◆ **Work order**: Your answer must be the lines from the start of the records through the line with "In the evening, wrapped", exactly as written, without the pictures.

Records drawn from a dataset
•••••

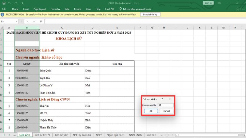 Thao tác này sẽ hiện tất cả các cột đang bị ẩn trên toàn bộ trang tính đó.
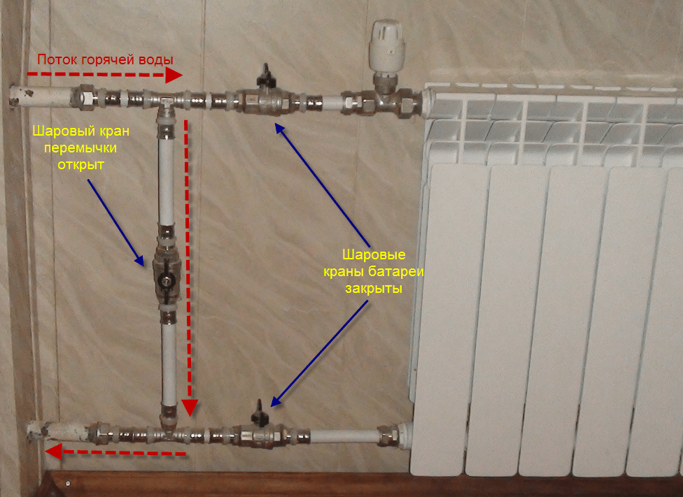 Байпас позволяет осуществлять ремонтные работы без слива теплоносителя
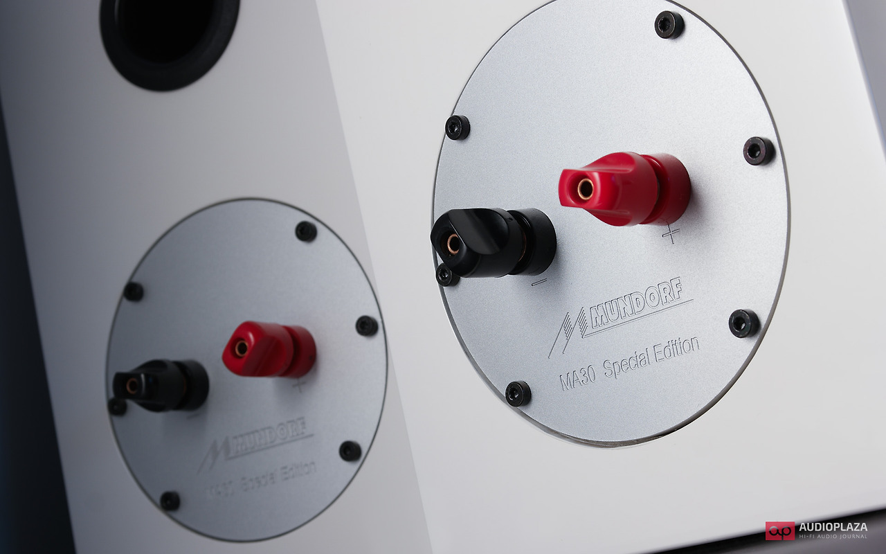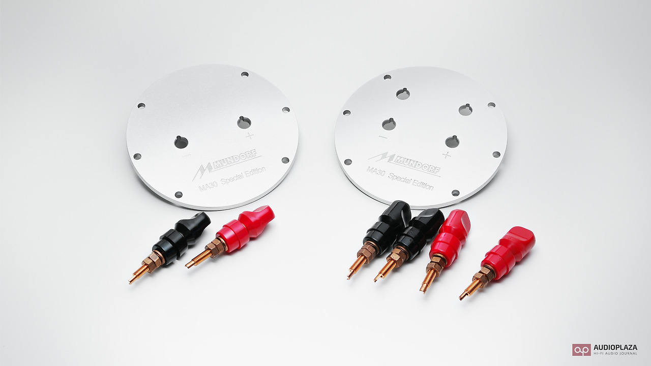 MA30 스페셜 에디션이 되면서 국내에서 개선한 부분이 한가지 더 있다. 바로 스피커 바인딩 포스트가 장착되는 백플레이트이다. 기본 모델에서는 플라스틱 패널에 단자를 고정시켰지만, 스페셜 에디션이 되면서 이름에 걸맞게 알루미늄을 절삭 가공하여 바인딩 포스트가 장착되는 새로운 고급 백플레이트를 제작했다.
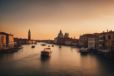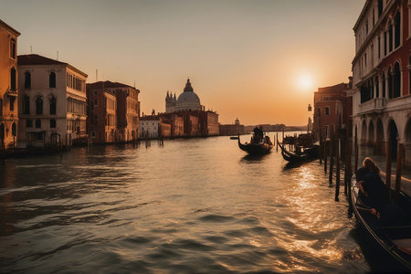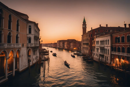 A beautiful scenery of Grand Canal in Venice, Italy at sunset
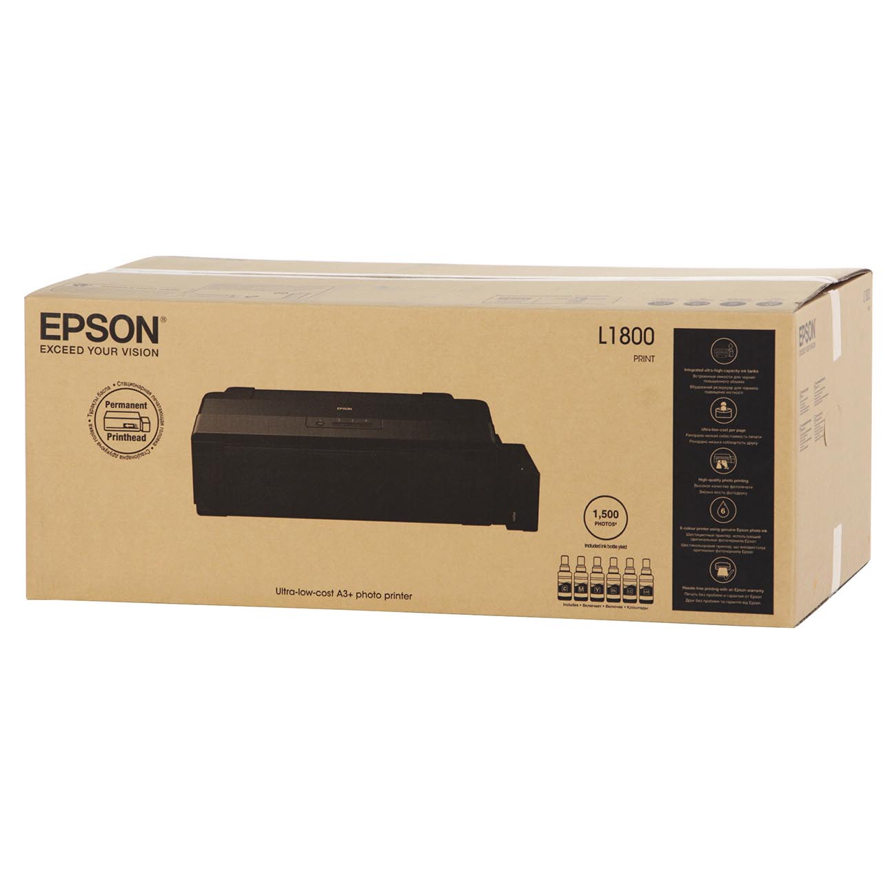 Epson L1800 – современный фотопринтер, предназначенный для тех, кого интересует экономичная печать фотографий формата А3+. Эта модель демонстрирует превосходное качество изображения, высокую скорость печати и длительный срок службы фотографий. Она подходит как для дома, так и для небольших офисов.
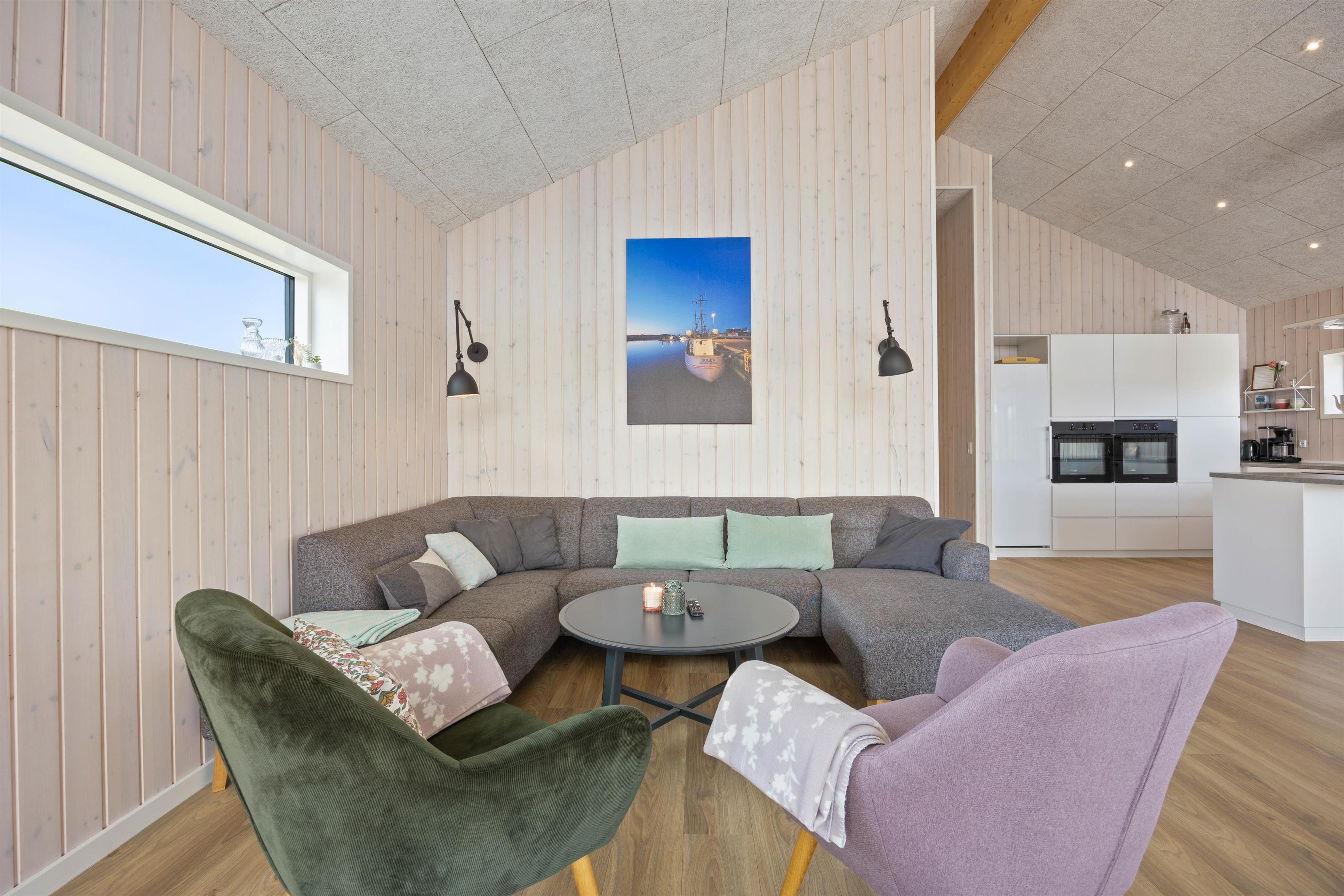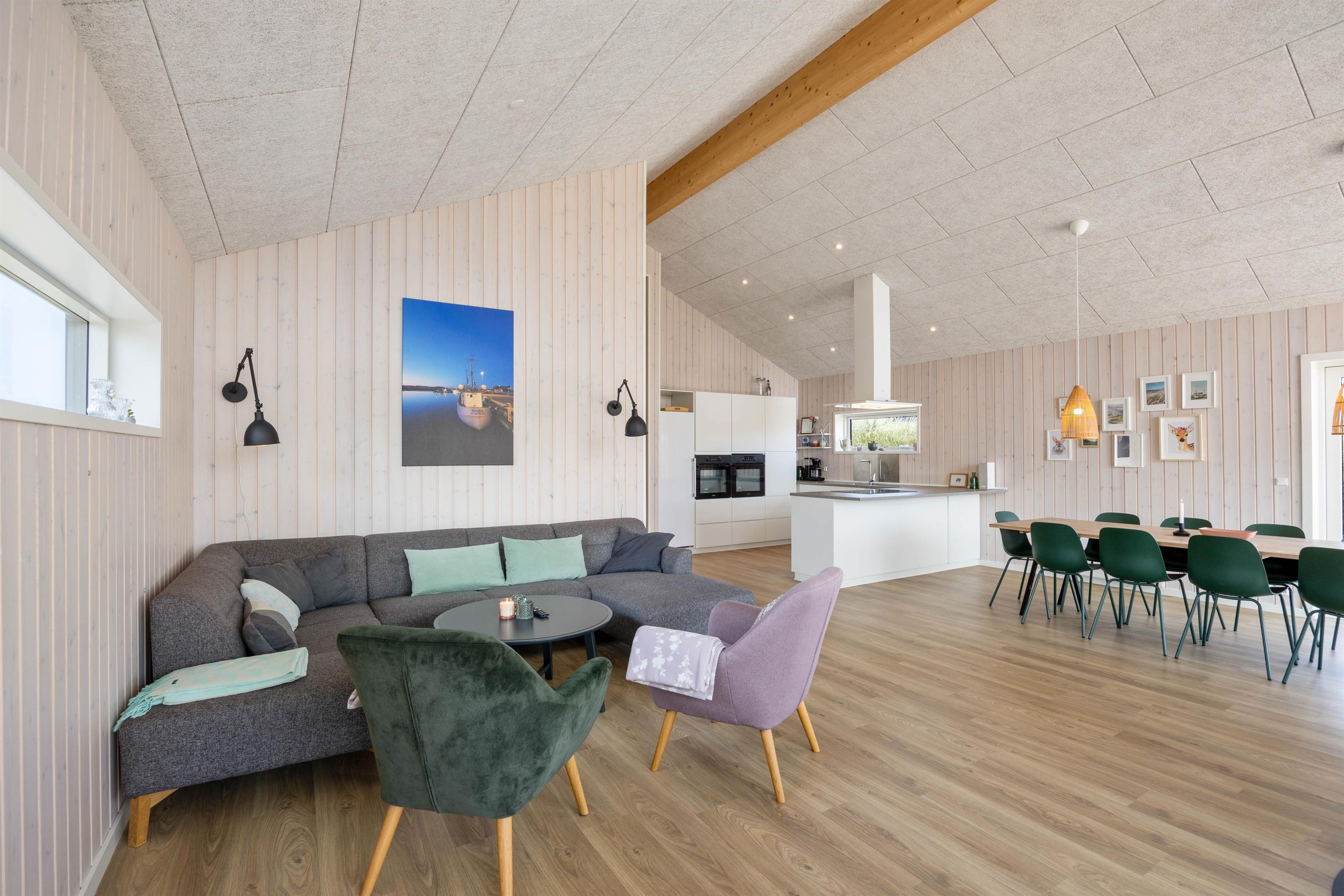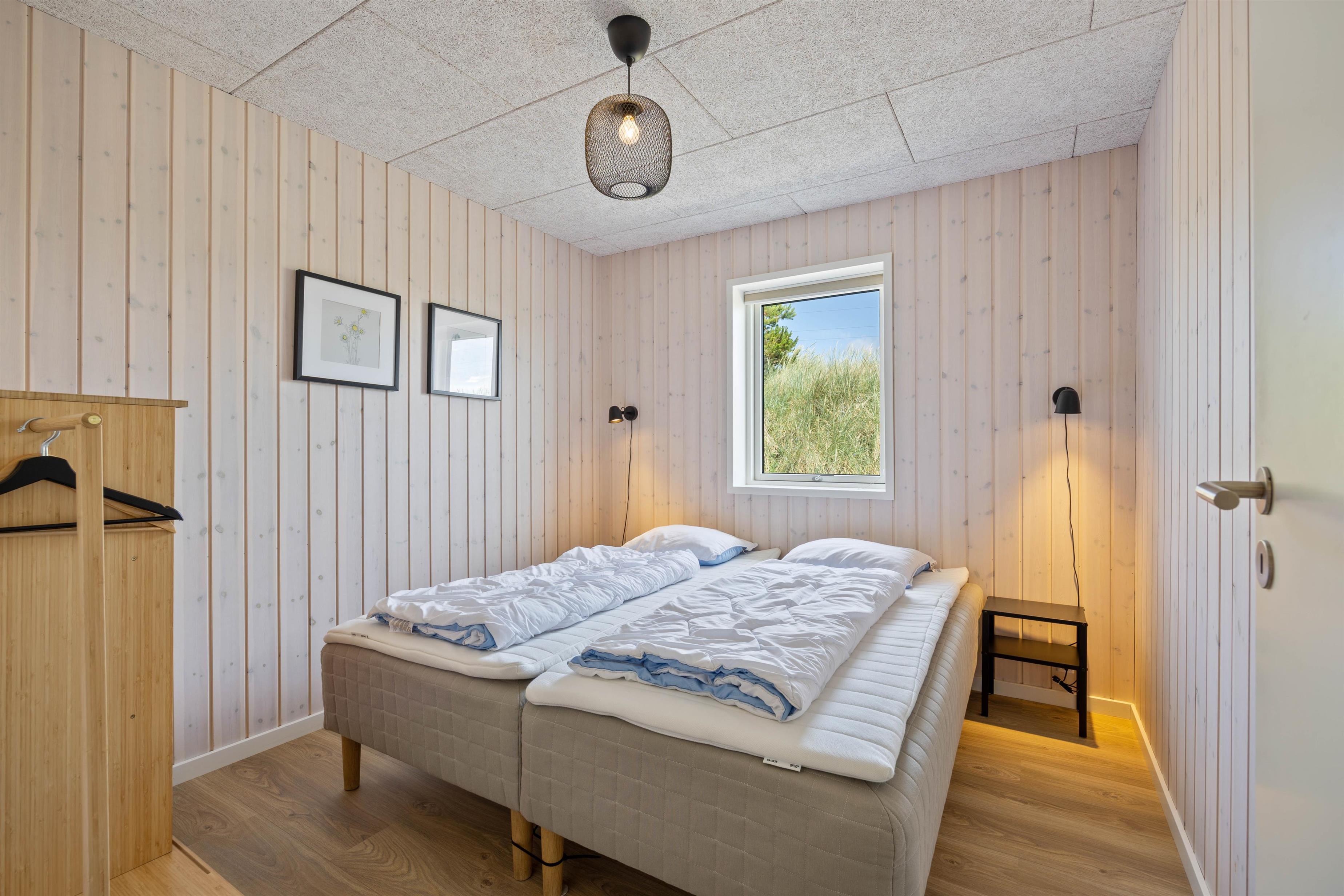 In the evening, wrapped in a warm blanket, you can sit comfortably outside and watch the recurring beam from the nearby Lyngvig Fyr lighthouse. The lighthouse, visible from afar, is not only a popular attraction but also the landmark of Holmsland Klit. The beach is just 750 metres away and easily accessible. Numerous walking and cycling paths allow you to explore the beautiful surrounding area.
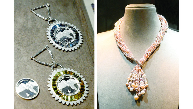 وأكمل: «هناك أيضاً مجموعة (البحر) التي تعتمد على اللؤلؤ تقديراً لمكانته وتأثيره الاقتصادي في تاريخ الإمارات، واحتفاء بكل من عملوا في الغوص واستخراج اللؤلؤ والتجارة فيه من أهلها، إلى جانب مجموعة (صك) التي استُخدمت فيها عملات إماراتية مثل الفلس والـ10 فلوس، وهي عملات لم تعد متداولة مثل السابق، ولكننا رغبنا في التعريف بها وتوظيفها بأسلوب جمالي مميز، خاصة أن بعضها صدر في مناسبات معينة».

•••••

◆ **Exercise answer**:
 Thao tác này sẽ hiện tất cả các cột đang bị ẩn trên toàn bộ trang tính đó.
 Байпас позволяет осуществлять ремонтные работы без слива теплоносителя
 MA30 스페셜 에디션이 되면서 국내에서 개선한 부분이 한가지 더 있다. 바로 스피커 바인딩 포스트가 장착되는 백플레이트이다. 기본 모델에서는 플라스틱 패널에 단자를 고정시켰지만, 스페셜 에디션이 되면서 이름에 걸맞게 알루미늄을 절삭 가공하여 바인딩 포스트가 장착되는 새로운 고급 백플레이트를 제작했다.
 A beautiful scenery of Grand Canal in Venice, Italy at sunset
 Epson L1800 – современный фотопринтер, предназначенный для тех, кого интересует экономичная печать фотографий формата А3+. Эта модель демонстрирует превосходное качество изображения, высокую скорость печати и длительный срок службы фотографий. Она подходит как для дома, так и для небольших офисов.
 In the evening, wrapped in a warm blanket, you can sit comfortably outside and watch the recurring beam from the nearby Lyngvig Fyr lighthouse. The lighthouse, visible from afar, is not only a popular attraction but also the landmark of Holmsland Klit. The beach is just 750 metres away and easily accessible. Numerous walking and cycling paths allow you to explore the beautiful surrounding area.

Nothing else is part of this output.